How do you test for convergence of #Sigma 5/(6n^2+n-1)# from #n=[1,oo)#?

1 Answer
Jan 11, 2017

#sum_(n=1)^oo 5/(6n^2+n-1)# is convergent.

Explanation:

As the terms of the series are positive we can use the integral test, using:

#f(x) = 5/(6x^2+x-1)#

We have that:

#f(x) > 0# for #x in [1,+oo)]#

#f'(x) = - frac (5(12x+1)) ((6x^2+x-1)^2) < 0 # for #x in [1,+oo]#, so the function is monotone decreasing in that interval.

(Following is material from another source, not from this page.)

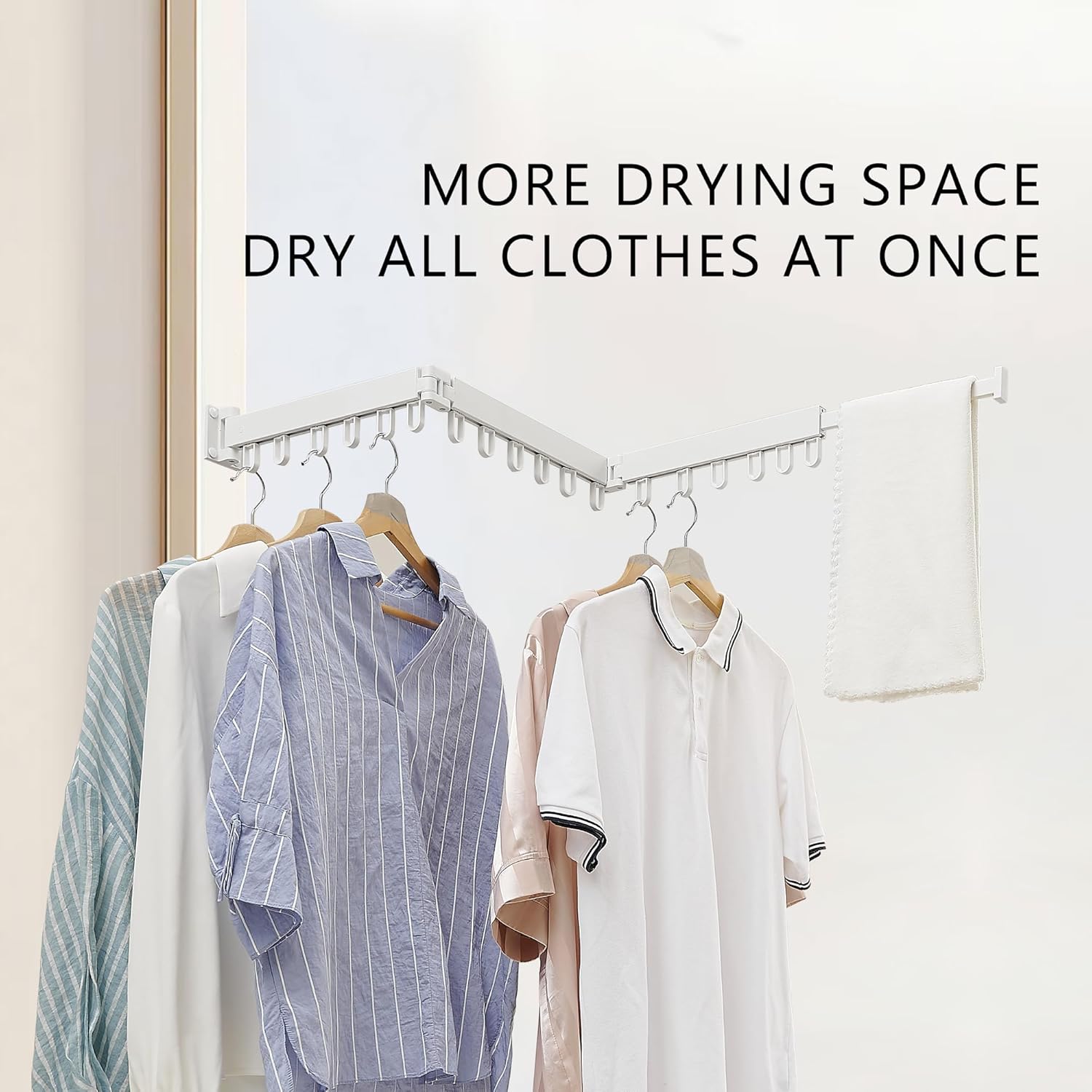 - Sturdy and Durable: This clothes drying rack wall mounted is perforated for installation;The collapsible drying racks for laundry is heavy and durable, can withstand greater weight.The collapsible drying racks for laundry can hang a large number of clothes at one time
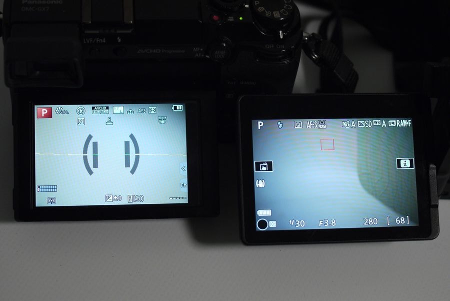 GX7 за свою ціну має хоч і не поворотний, але похилий сенсорний екран, що дозволяє з комфортом знімати сцени з різних ракурсів. Крім похилого екрана у нього є електронний видошукач, що в цьому ціновому сегменті є тільки у даного фотоапарата. Наявність відразу двох коліс управління параметрами, кілька кнопок, що налаштовуються (відразу бачу 4 штуки), кілька налаштованих режимів зйомки, вбудований в камеру стабілізатор (не самий наворочений, але він є на відміну від Nikon), і, що найбільш для мене актуально і приємно – електронний затвор. Останній дозволяє, не замислюючись над ресурсом механічного затвора, робити будь-які серії та експерименти, які вам тільки заманеться реалізувати. Складно навіть пояснити, наскільки широку свободу творчості це відкриває, адже в голові у вас перестає зі клацанням затвора клацати думку про те, що великий пробіг камери може з часом привести до дорогого ремонту. Ще на відміну від дзеркальної камери від Nikon, у GX7 (який вийшов на 1.5 року раніше) є focus peaking, що дозволяє наочно бачити точку фокусування як в режимі live view, так і через електронний видошукач. Дзеркальний конкурент у цьому плані може похвалитися лише “далекоміром”, який лише умовно схожий за своєю зручністю.

#lim_(x->oo) 5/(6x^2+x-1) = 0#

#f(n) = 5/(6n^2+n-1)#

so all the hypotheses of the integral test are satisfied and we can calculate:

#int_1^oo (5dx)/(6x^2+x-1)#

using partial fractions:

#6x^2 +x -1 = (2x+1)(3x-1)#

#A/(2x+1) + B/(3x-1) = 5/((2x+1)(3x-1))#

#A(3x-1)+B(2x+1) = 5#

#(3A+2B)x^2 -(A-B) = 5#

#{ color(white) [ color(black) ((3A+2B = 0) ,( A-B = -5) ) color(white) ] color(black)#

#{ color(white) [ color(black) ((A=-2 ),( B=3) ) color(white) ] color(black)#

So:

#int_1^oo (5dx)/(6x^2+x-1) = int_1^oo (-2dx)/(2x+1) +int_1^oo (3dx)/(3x-1) = [ln(3x-1) - ln (2x+1)]_1^oo#

Using the properties of logarithms:

#ln(3x-1) - ln(2x+1) = ln ((3x-1)/(2x+1))#

so that:

#[ln(3x-1) - ln (2x+1)]_1^oo = [ln ((3x-1)/(2x+1))]_1^oo#

And as:
# lim_(x->oo) ln ((3x-1)/(2x+1)) = ln(3/2)#

#[ln ((3x-1)/(2x+1))]_1^oo = ln(3/2) - ln (2/3) = 2ln(3/2)#

Finally we have:

#int_1^oo (5dx)/(6x^2+x-1) = 2ln(3/2)#

and as the integral is convergent, so is the series.